== Try it ==
Set down every line from the one with "下一回合,右上,右下出现敌军。" to the end of the entries, both ends included, exactly as it reads and without pictures.

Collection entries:
* * *
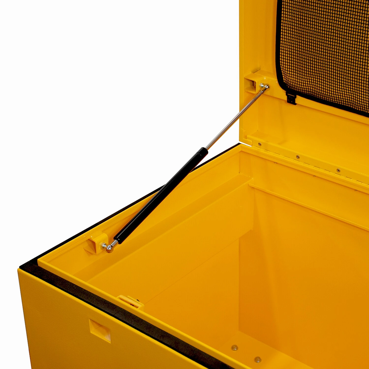 Tough and durable, this DeWalt 36-in job box is designed to withstand the challenging conditions of a construction site. 16-gauge high quality steel construction with UV resistant powder paint finish ensures strength, durability and protection. Features include 2 recessed lock enclosures to keep valuables safe and secure, mechanical lid support and gas struts to assist in lifting and holding the lid open, and a weather-resistant seal around the lid’s edge to protect contents from moisture and dust. An internal tray provides storage for smaller items and a cargo net mounted on the inside of the lid is ideal to protect fragile items. The wide, easy-to-grasp swing-up handles and 7-gauge forklift rails on the bottom allow for easy movement of the box.
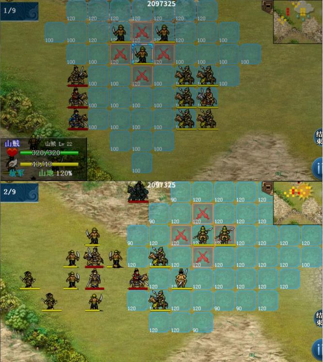 下一回合,右上,右下出现敌军。
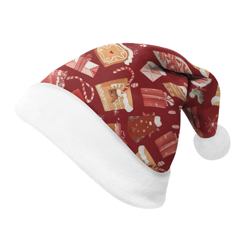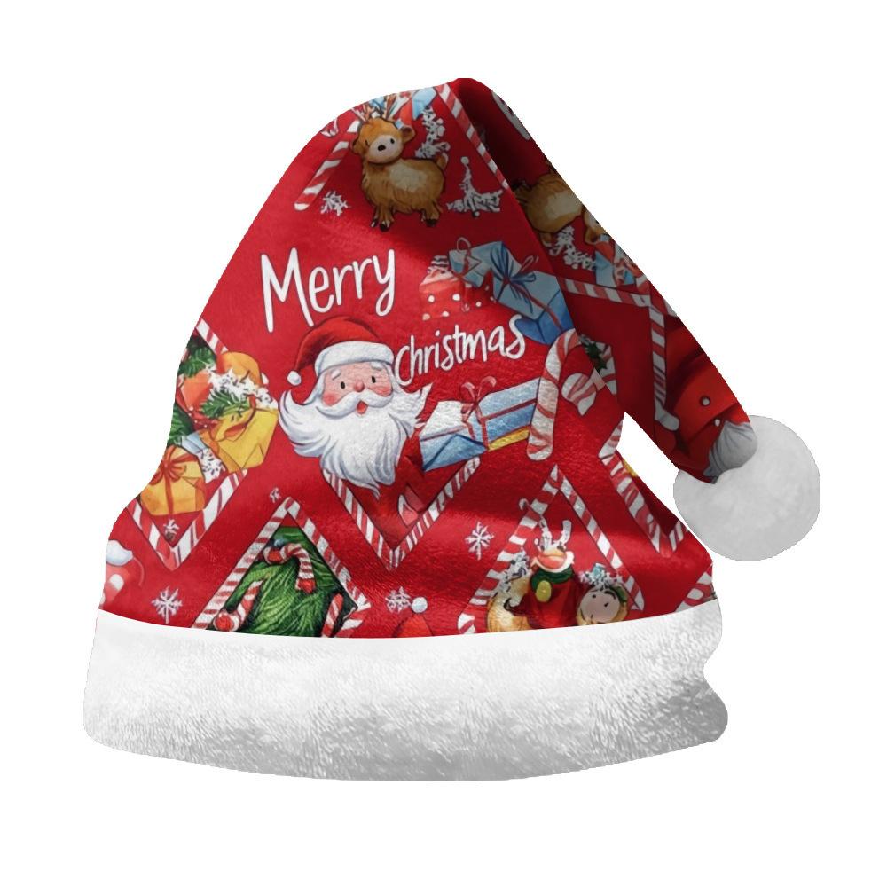 Gorro navideño de felpa corta de Papá Noel para adultos y niños, con estampado de comercio exterior, ideal para manualidades, 2024
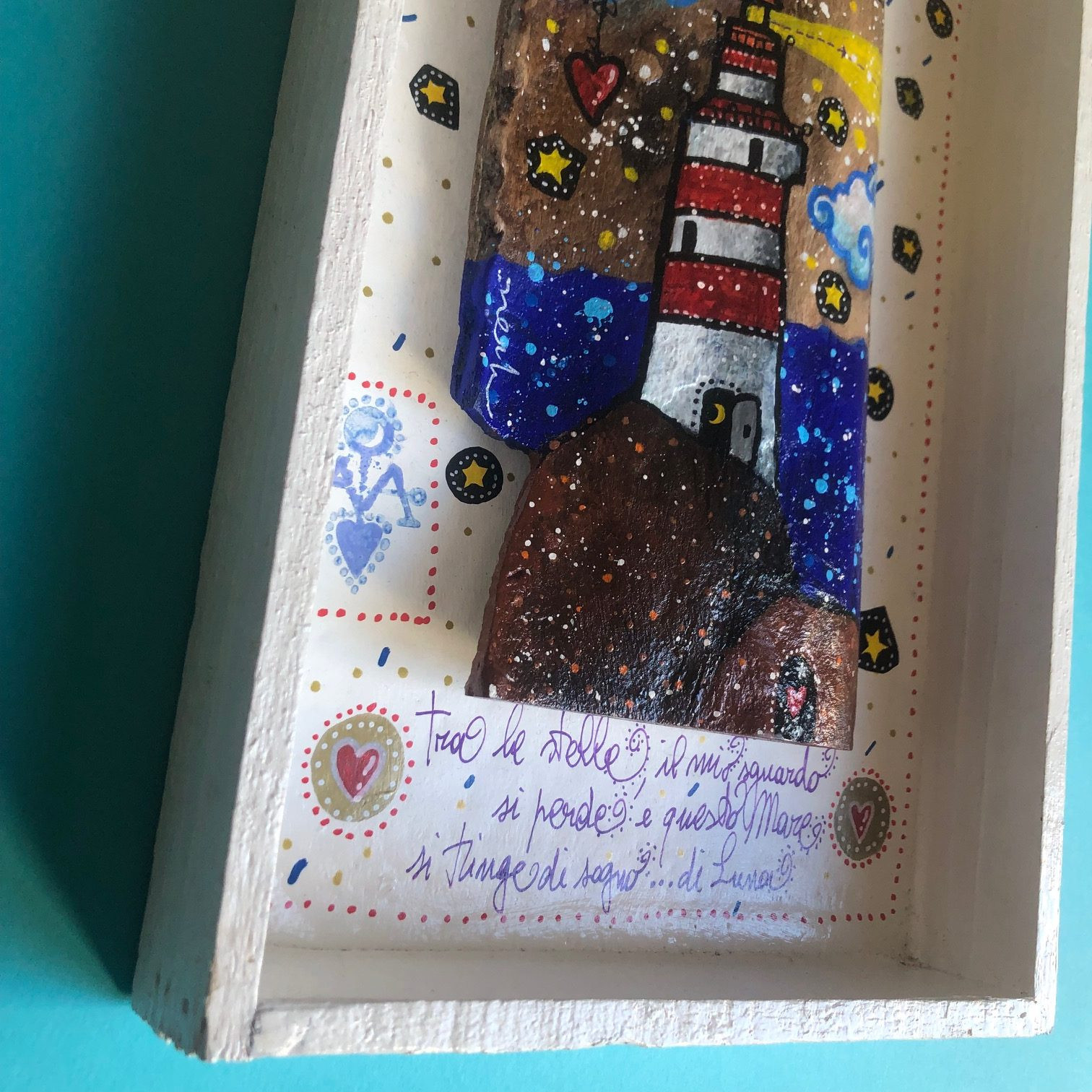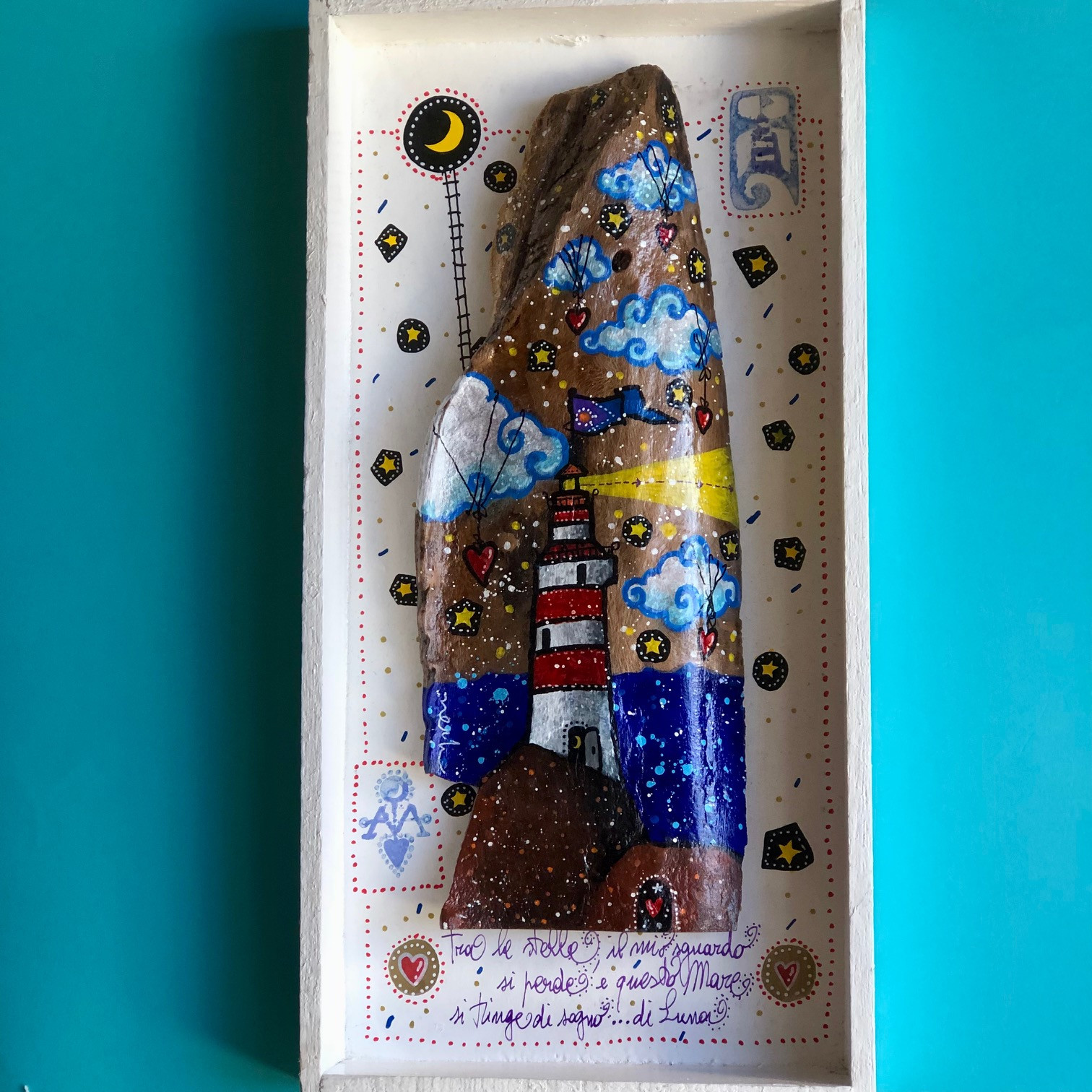 I ” Portati dal Mare” sono delle creazioni realizzate con legni di recupero, trattati con appositi prodotti per il legno e dipinti a mano
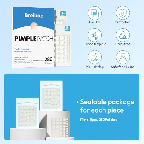 Pimple Patches for Face, 288 hydrocolloid patches, effectively cover and repair acne and blemishes, promoting skin regeneration. Ideal for makeup, skin care.
* * *
== Written answer ==
 下一回合,右上,右下出现敌军。
 Gorro navideño de felpa corta de Papá Noel para adultos y niños, con estampado de comercio exterior, ideal para manualidades, 2024
 I ” Portati dal Mare” sono delle creazioni realizzate con legni di recupero, trattati con appositi prodotti per il legno e dipinti a mano
 Pimple Patches for Face, 288 hydrocolloid patches, effectively cover and repair acne and blemishes, promoting skin regeneration. Ideal for makeup, skin care.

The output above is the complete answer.